Perl's system function has two modes:
taking a single string and passing it to the command shell to allow special characters to be processed
taking a list of strings, exec'ing the first and passing the remaining strings as arguments
In the first form you have to be careful to escape characters that might have a special meaning to the shell. The second form is generally safer since arguments are passed directly to the program being exec'd without the shell being involved.
In your case you seem to be mixing the two forms. The & character only has the meaning of "start this program in the background" if it is passed to the shell. In your program, the ampersand is being passed as the 5th argument to the xterm command.
As Jakob Kruse said the simple answer is to use the single string form of system. If any of the arguments came from an untrusted source you'd have to use quoting or escaping to make them safe.
If you prefer to use the multi-argument form then you'll need to call fork() and then probably use exec() rather than system().
Note that the list form of system is specifically there to not treat characters such as & as shell meta-characters.
From perlfaq8's answer to How do I start a process in the background?
(contributed by brian d foy)
There's not a single way to run code in the background so you don't have to wait for it to finish before your program moves on to other tasks.
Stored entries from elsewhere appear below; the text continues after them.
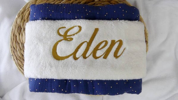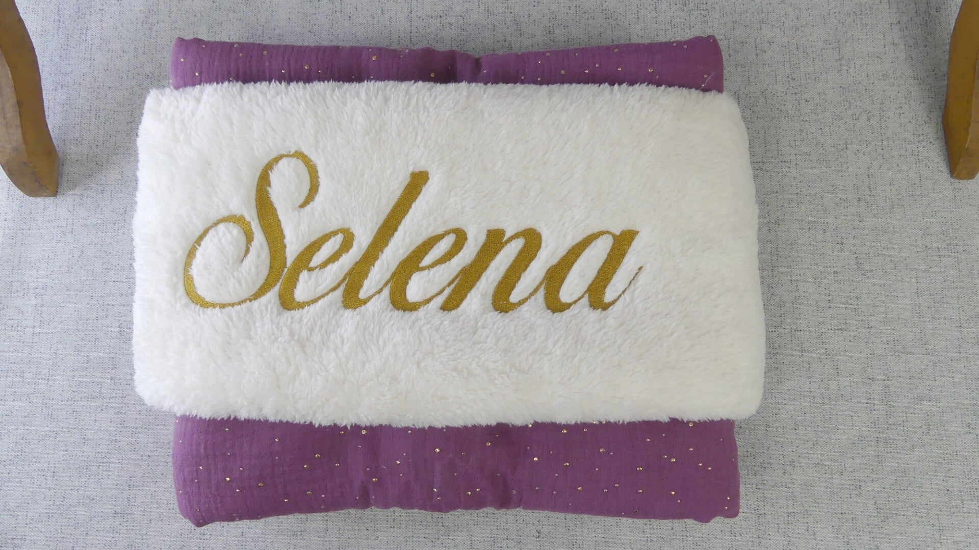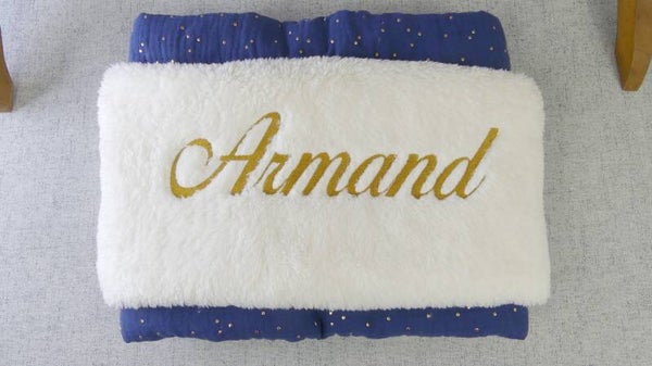La broderie est réalisée à la machine avec un fil de couleur doré. Le prénom mesurera environ 25 x 6 cm, selon le nombre de lettres.
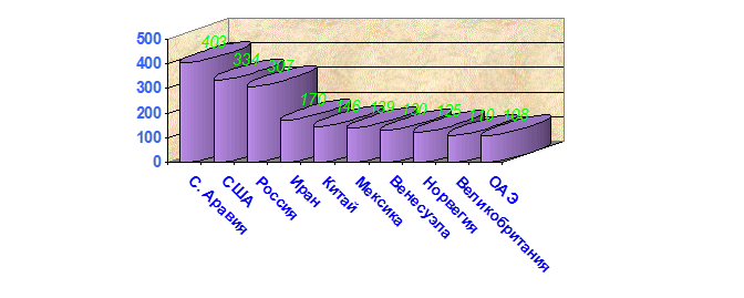 Диаграммы №1 и №3 также отражают снижение добычи нефти по годам и показывают 3-е место России в мировой добыче нефти после Саудовской Аравии и США в 1995 году.
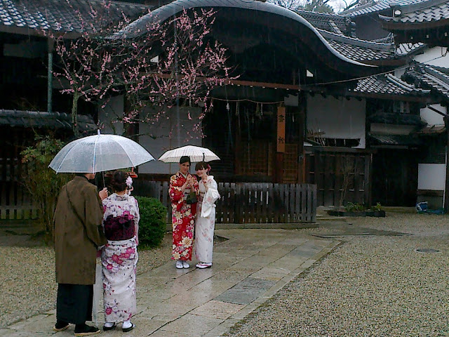 Chovia abundantemente e a visão de um parque com lagos puxou-me para lá. Antecipava a tranquilidade da chuva caindo na superfície dos lagos e nas folhas das árvores. As árvores e os arbustos começavam a florir na Primavera de Kyoto. À entrada uma cena que não antecipei. Ensopados da cintura para baixo, ali andavam estes pares a fotografarem-se mutuamente com a mesma calma, sorrisos e elegância de movimentos como se estivesse Sol e uma brisa suave.
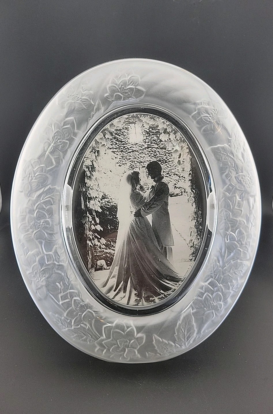 как выглядит CRYSTAL CLEAR SIGNATURE Frosted PICTURE FRAME Floral Heavy Glass 11.5"X 9.5" фото

Process management depends on your particular operating system, and many of the techniques are in perlipc.
Several CPAN modules may be able to help, including IPC::Open2 or IPC::Open3, IPC::Run, Parallel::Jobs, Parallel::ForkManager, POE, Proc::Background, and Win32::Process. There are many other modules you might use, so check those namespaces for other options too.
If you are on a Unix-like system, you might be able to get away with a system call where you put an & on the end of the command:
system("cmd &")
You can also try using fork, as described in perlfunc (although this is the same thing that many of the modules will do for you).
STDIN, STDOUT, and STDERR are shared
Both the main process and the backgrounded one (the "child" process) share the same STDIN, STDOUT and STDERR filehandles. If both try to access them at once, strange things can happen. You may want to close or reopen these for the child. You can get around this with opening a pipe (see open in perlfunc) but on some systems this means that the child process cannot outlive the parent.
Signals
You'll have to catch the SIGCHLD signal, and possibly SIGPIPE too. SIGCHLD is sent when the backgrounded process finishes. SIGPIPE is sent when you write to a filehandle whose child process has closed (an untrapped SIGPIPE can cause your program to silently die). This is not an issue with system("cmd&").
Zombies
You have to be prepared to "reap" the child process when it finishes.
$SIG{CHLD} = sub { wait };
$SIG{CHLD} = 'IGNORE';
You can also use a double fork. You immediately wait() for your first child, and the init daemon will wait() for your grandchild once it exits.
unless ($pid = fork) {
unless (fork) {
exec "what you really wanna do";
die "exec failed!";
}
exit 0;
}
waitpid($pid, 0);
See Signals in perlipc for other examples of code to do this. Zombies are not an issue with system("prog &").
Have you tried?
system('xterm -geometry 80x25-5-5 -bg green &');
http://www.rocketaware.com/perl/perlfaq8/How_do_I_start_a_process_in_the_.htm
This is not purely an explanation for Perl. The same problem is under C and other languages.
First understand what the system command does:
Forks
Under the child process call exec
The parent process is waiting for forked child process to finish
It does not matter if you pass multiple arguments or one argument. The difference is, with multiple arguments, the command is executed directly. With one argument, the command is wrapped by the shell, and finally executed as:
/bin/sh -c your_command_with_redirections_and_ambersand
When you pass a command as some_command par1 par2 &, then between the Perl interpreter and the command is the sh or bash process used as a wrapper, and it is waiting for some_command finishing. Your script is waiting for the shell interpreter, and no additional waitpid is needed, because Perl's function system does it for you.
When you want to implement this mechanism directly in your script, you should:
Use the fork function. See example: http://users.telenet.be/bartl/classicperl/fork/all.html
Under the child condition (if), use the exec function. Your user is similar to system, see the manual. Notice, exec causes the child process program/content/data cover by the executed command.
Under the parent condition (if, fork exits with non-zero), you use waitpid, using pid returned by the fork function.
This is why you can run the process in the background. I hope this is simple.
The simplest example:
if (my $pid = fork) { #exits 0 = false for child process, at this point is brain split
# parent ($pid is process id of child)
# Do something what you want, asynchronously with executed command
waitpid($pid); # Wait until child ends
# If you don't want to, don't wait. Your process ends, and then the child process will be relinked
# from your script to INIT process, and finally INIT will assume the child finishing.
# Alternatively, you can handle the SIGCHLD signal in your script
}
else {
# Child
exec('some_command arg1 arg2'); #or exec('some_command','arg1','arg2');
#exit is not needed, because exec completely overwrites the process content
}

How can I determine if the script is being executed within a system or qx call in Perl?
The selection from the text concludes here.